- Sire: Native Dancer
- Grandsire: Polynesian
- Dam: Almahmoud
- Damsire: Mahmoud
- Sex: Mare
- Foaled: 26 March 1957
- Died: 29 January 1985 (aged 27)
- Country: United States
- Colour: Bay
- Breeder: Mrs. E. H. Augustus & Daniel G. Van Clief
- Owner: E. P. Taylor
- Trainer: Horatio Luro
- Record: 7: 3–0–2
- Earnings: US$16,015

Honours
- Natalma Stakes at Woodbine Racetrack Canadian Horse Racing Hall of Fame (2007)

= Natalma =

American-bred Thoroughbred racehorse

Natalma (March 26, 1957 – January 29, 1985) was an American-bred Thoroughbred racehorse best known as the dam (mother) of the most important sire, and sire of sires, of the late 20th Century, Northern Dancer. She also established a highly influential female family, which has produced other leading sires Machiavellian and Danehill, plus numerous other stakes winners. Natalma was inducted into the Canadian Horse Racing Hall of Fame in 2007.

==Background==
Bred in Virginia by Mrs. E. H. Augustus & Daniel G. Van Clief, Natalma was purchased by Canadian business mogul E. P. Taylor at the Saratoga, New York, yearling sales for $35,000 (equivalent to $ in ). This was the second-highest price for a filly at that year's sale, a reflection of Natalma's excellent breeding. Her sire was the great Native Dancer, and her dam was the highly influential Almahmoud. In addition to Natalma, Almahmoud also produced Cosmah, the 1974 Kentucky Broodmare of the Year, and Bubbling Beauty. Natalma, Cosmah and Bubbling Beauty all produced leading sires: Northern Dancer, Halo and Arctic Tern respectively. The family descends from the excellent racehorse and notable broodmare Mother Goose.

==Racing career==
Natalma was trained by Horatio Luro, who would later train Northern Dancer as well. At age two, she won two of her five starts. She also crossed the finish line first in the 1959 Spinaway Stakes but swerved when jockey Bobby Ussery hit her with the whip and was disqualified to third place for interference. The experience so soured Natalma on racing that it was several months before Luro was able to return her to the racetrack.

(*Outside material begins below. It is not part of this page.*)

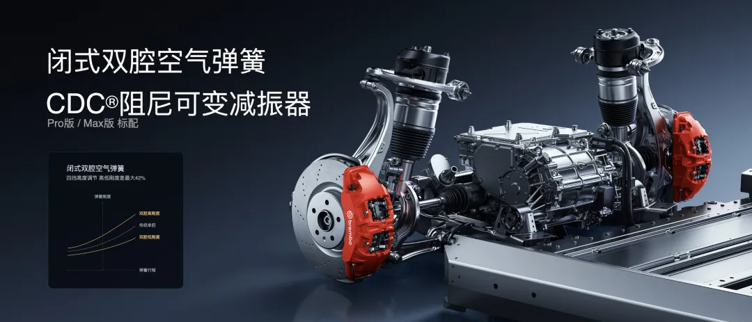 首先是硬件配置升级,小米蛟龙底盘全系装配前双叉臂、后五连杆独立悬架系统,Pro版和Max版配备闭式双腔空气弹簧和CDC®阻尼可变减振器,可智能识别路面状况,通过主动调节悬架,降低刚度以缓冲冲击,通过后再增大阻尼抑制车身晃动,大幅提升通过舒适性;同时车辆支持悬架自动升高功能,可记忆举升点位,在进入对应地理围栏时自动升高车身,驶出后自动恢复原车高度,兼顾通过性与日常驾乘质感。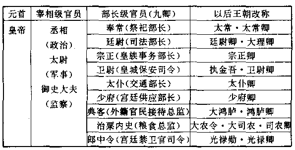 (秦郡有三十六郡说,有四十一郡说,有四十六郡说,四十六郡说为较新的研究。还未被学界普遍接受。此书作四十一郡,但郡非同时设。前二二一年初平六国时分为三十六郡。三十六郡为内史、三川、河东、南阳、南、九江、郭、会稽、颍川、砀、泗水、薛东、琅邪、齐、上谷、渔阳、右北平、辽西、辽东、代、巨鹿、邯郸、上党、太原、云中、九原、雁门、上、陇西、北地、汉中、巴、蜀、黔中、长沙。数年后即前二一四年又增桂林、南海、象郡三郡。又有广阳郡设于前二二三年、闽中郡设前二二○年。——编者) 这是一个划时代的突破和最骇人听闻的政治结构,没有封国封爵,没有公侯伯子男。当时没有一个人敢于想像皇帝的儿子们竟会跟平民一样,竟没有拥有土地,更没有拥有奴隶群。尤其是崇古的儒家学派的学者,面对着这么大的巨变,大惑不解,而且不久就大起恐慌,这简直是敲碎他们的饭碗了。 赢政大帝的生命是多采多姿的,充分显示他强力的独立人格和独立思考。他面对的是包罗万象的庞大帝国,充满陌生的人民。 然而,大黄金时代的光芒正在普照。大黄金时代最主要的特征之一是,一种只向前看的心理状态,人们逐渐地从周王朝那种崇古守旧的传统中脱颖而出,而以坚决的态度,发挥创造未来的倔强精神。赢政大帝正是这种主流思潮的代表人物,他是中国最勤劳的帝王之一,不分昼夜地为他的帝国服务。 在政府组织上,赢政大帝给中国历代王朝奠定了权威性的规范,使得以后几百个帝王只能在他所想到的圈子里作小小的修正,而无力作巨大改变。秦政府跟周政府大大的不同,周政府不过是一个国王亲属和大部落酋长们住的大庭院,秦政府则是真正的中央集权的政治机构。在皇帝之下设立宰相,宰相之下设立九卿——九位部长级官员。我们用下表说明:

Natalma made her three-year-old debut on April 9, 1960, at Keeneland where she briefly led but then faded to tenth. Two weeks later, she won in what would prove her final race. While in training for the Kentucky Oaks, she was found to have bone chips in the right knee. She was given some time off to recover, then went back into training for the Coaching Club American Oaks. However, the bone chips recurred, which led to her retirement.

==Breeding record==
Although late in the breeding season, she was sent to Taylor's Windfields Farm in Oshawa, Ontario, Canada to be bred to Nearctic. Coincidentally, Nearctic had won the Michigan Mile just days before the 1958 Saratoga Sales, and the winnings from this race gave Taylor the funds to pay for Natalma. Natalma was bred to Nearctic on June 28, 1960, as the last mate of his first crop. That late pairing resulted in Northern Dancer being born on May 27, 1961. As a racehorse, Northern Dancer was a champion in both Canada and the United States whose major wins included the Kentucky Derby, Preakness Stakes and Queen's Plate. He achieved even greater fame by becoming a leading sire in both North America and Europe, and went on to become an outstanding sire of sires.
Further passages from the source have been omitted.